What the exercise asks – Print the lines in the listing below starting at the line with "编者从海量的中考真题中筛选出" and ending at the line with "Double left-click the", both included. Reproduce them exactly and omit every picture.

Given records –
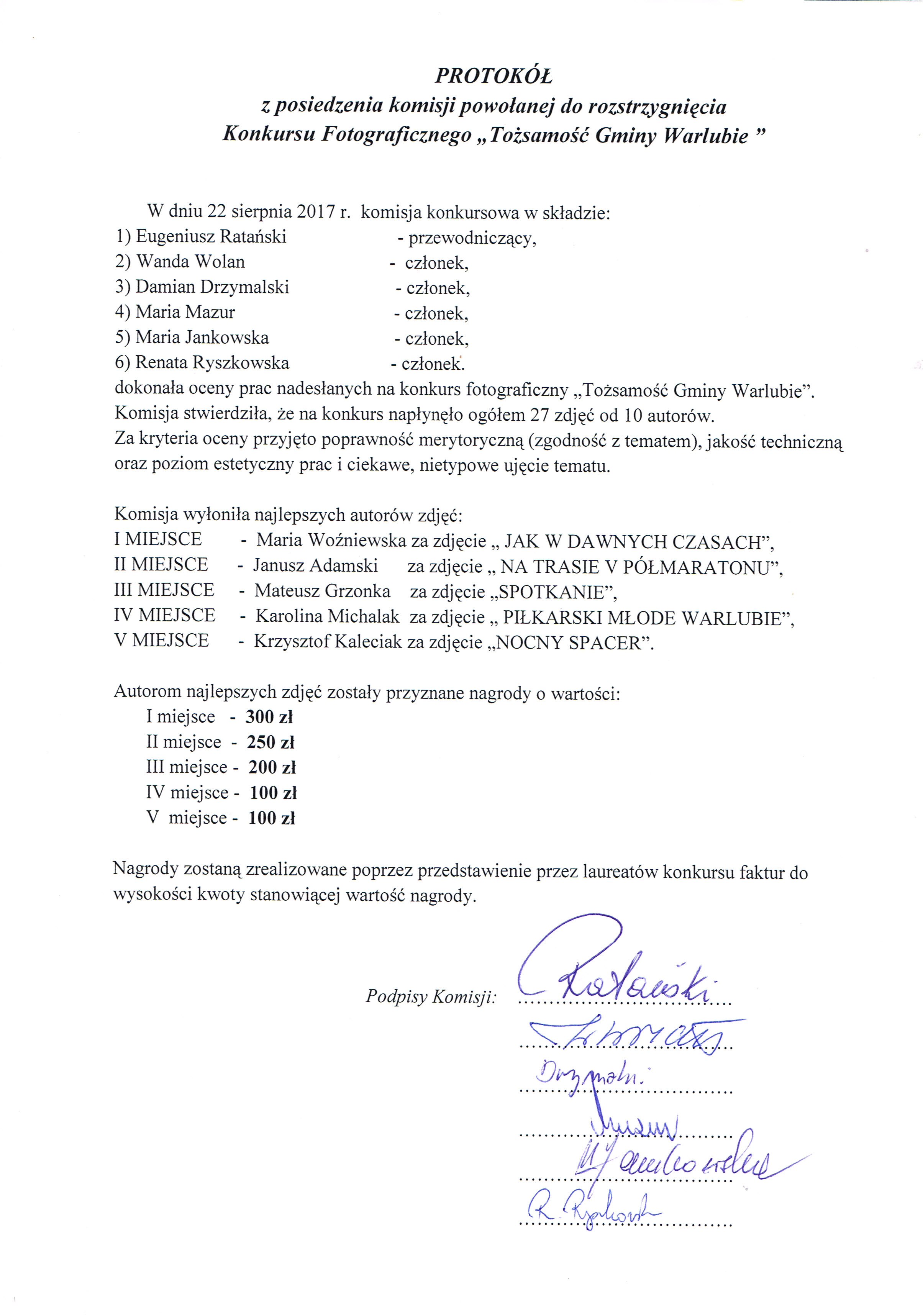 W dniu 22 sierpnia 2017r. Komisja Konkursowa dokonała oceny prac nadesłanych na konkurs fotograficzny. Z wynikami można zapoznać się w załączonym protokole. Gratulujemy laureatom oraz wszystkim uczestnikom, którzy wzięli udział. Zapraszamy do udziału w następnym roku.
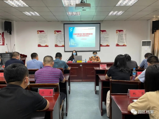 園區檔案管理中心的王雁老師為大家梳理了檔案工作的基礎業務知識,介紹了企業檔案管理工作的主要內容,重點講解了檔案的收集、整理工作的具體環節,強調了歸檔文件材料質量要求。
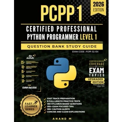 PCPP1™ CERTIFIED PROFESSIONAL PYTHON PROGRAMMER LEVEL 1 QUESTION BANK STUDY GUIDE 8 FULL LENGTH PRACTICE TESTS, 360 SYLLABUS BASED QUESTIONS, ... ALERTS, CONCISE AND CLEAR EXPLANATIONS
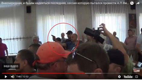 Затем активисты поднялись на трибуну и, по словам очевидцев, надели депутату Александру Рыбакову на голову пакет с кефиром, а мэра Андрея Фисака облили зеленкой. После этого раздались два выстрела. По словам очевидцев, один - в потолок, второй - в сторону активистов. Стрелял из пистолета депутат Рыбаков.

==

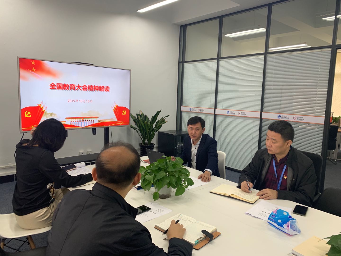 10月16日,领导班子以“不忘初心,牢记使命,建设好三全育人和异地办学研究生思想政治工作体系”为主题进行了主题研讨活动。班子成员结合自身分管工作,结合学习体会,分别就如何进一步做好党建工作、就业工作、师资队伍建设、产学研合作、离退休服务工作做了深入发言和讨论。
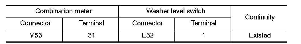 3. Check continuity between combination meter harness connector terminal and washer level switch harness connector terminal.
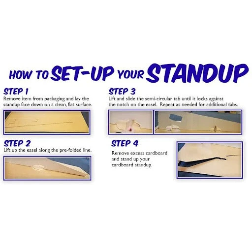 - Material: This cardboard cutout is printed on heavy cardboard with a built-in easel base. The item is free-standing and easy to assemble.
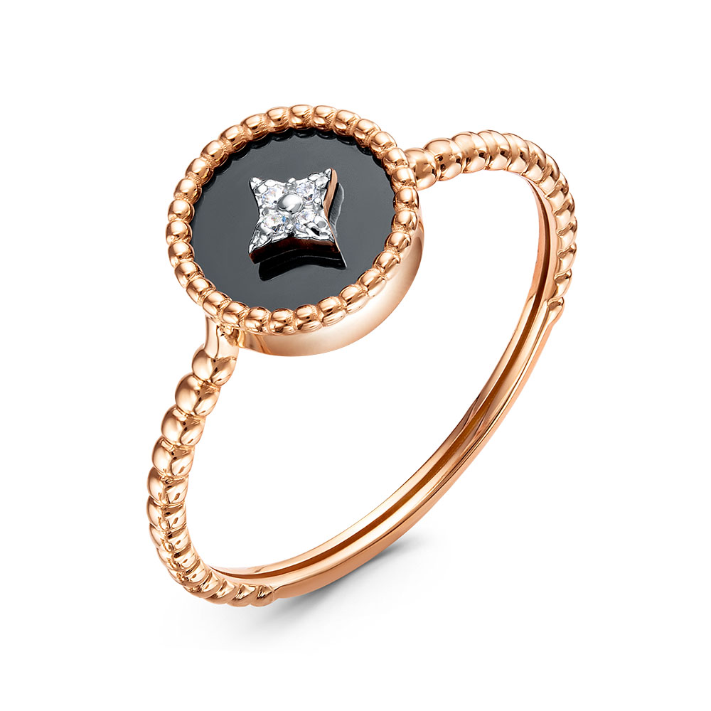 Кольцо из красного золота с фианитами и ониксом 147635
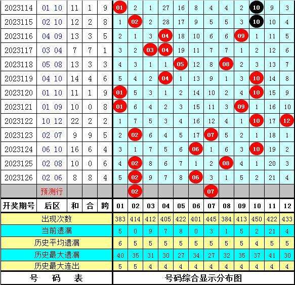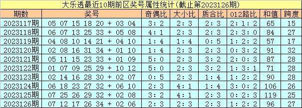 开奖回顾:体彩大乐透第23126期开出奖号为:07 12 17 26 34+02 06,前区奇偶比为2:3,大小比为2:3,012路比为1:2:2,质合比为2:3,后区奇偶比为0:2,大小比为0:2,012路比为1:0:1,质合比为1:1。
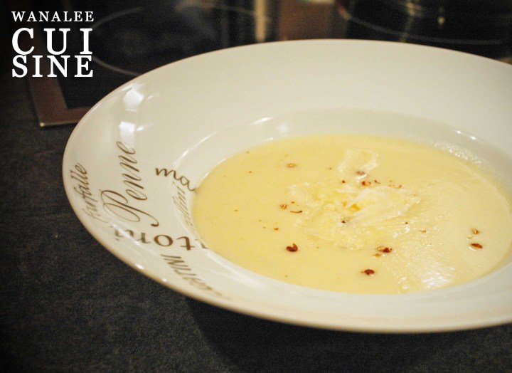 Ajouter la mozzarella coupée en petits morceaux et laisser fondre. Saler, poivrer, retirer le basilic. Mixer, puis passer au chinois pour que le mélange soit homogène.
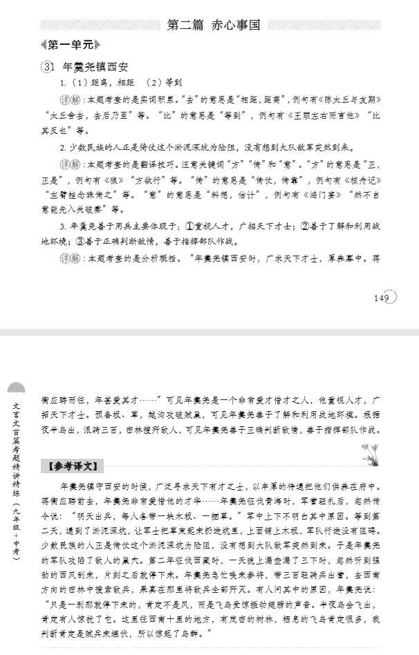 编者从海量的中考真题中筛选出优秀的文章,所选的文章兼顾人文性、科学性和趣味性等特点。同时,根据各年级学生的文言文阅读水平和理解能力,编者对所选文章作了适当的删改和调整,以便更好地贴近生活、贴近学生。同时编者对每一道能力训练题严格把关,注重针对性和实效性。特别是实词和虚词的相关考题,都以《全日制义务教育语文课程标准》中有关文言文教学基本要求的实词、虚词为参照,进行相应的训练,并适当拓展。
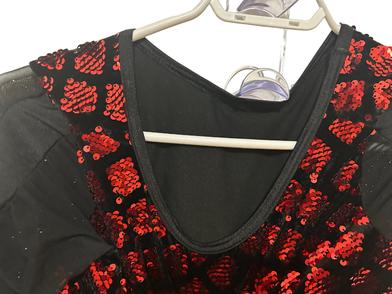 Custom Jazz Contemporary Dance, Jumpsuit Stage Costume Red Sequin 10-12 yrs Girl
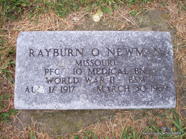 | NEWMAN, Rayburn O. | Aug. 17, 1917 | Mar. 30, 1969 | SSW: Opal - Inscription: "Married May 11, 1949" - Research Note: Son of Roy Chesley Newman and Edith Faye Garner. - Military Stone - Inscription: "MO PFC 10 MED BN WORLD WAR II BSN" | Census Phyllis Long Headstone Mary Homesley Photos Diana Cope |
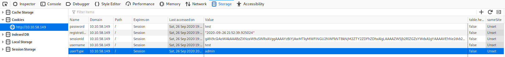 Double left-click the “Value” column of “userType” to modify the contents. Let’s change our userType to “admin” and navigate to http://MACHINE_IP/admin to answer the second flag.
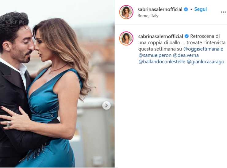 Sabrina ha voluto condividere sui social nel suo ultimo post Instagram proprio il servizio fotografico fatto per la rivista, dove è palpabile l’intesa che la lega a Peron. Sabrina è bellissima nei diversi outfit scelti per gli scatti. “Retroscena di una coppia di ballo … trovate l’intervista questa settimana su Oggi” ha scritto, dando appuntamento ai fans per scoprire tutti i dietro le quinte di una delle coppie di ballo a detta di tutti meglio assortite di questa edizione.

---

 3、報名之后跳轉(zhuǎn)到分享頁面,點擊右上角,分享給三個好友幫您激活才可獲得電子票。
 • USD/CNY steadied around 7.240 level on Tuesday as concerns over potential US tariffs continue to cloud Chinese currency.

Answer below –
 编者从海量的中考真题中筛选出优秀的文章,所选的文章兼顾人文性、科学性和趣味性等特点。同时,根据各年级学生的文言文阅读水平和理解能力,编者对所选文章作了适当的删改和调整,以便更好地贴近生活、贴近学生。同时编者对每一道能力训练题严格把关,注重针对性和实效性。特别是实词和虚词的相关考题,都以《全日制义务教育语文课程标准》中有关文言文教学基本要求的实词、虚词为参照,进行相应的训练,并适当拓展。
 Custom Jazz Contemporary Dance, Jumpsuit Stage Costume Red Sequin 10-12 yrs Girl
 | NEWMAN, Rayburn O. | Aug. 17, 1917 | Mar. 30, 1969 | SSW: Opal - Inscription: "Married May 11, 1949" - Research Note: Son of Roy Chesley Newman and Edith Faye Garner. - Military Stone - Inscription: "MO PFC 10 MED BN WORLD WAR II BSN" | Census Phyllis Long Headstone Mary Homesley Photos Diana Cope |
 Double left-click the “Value” column of “userType” to modify the contents. Let’s change our userType to “admin” and navigate to http://MACHINE_IP/admin to answer the second flag.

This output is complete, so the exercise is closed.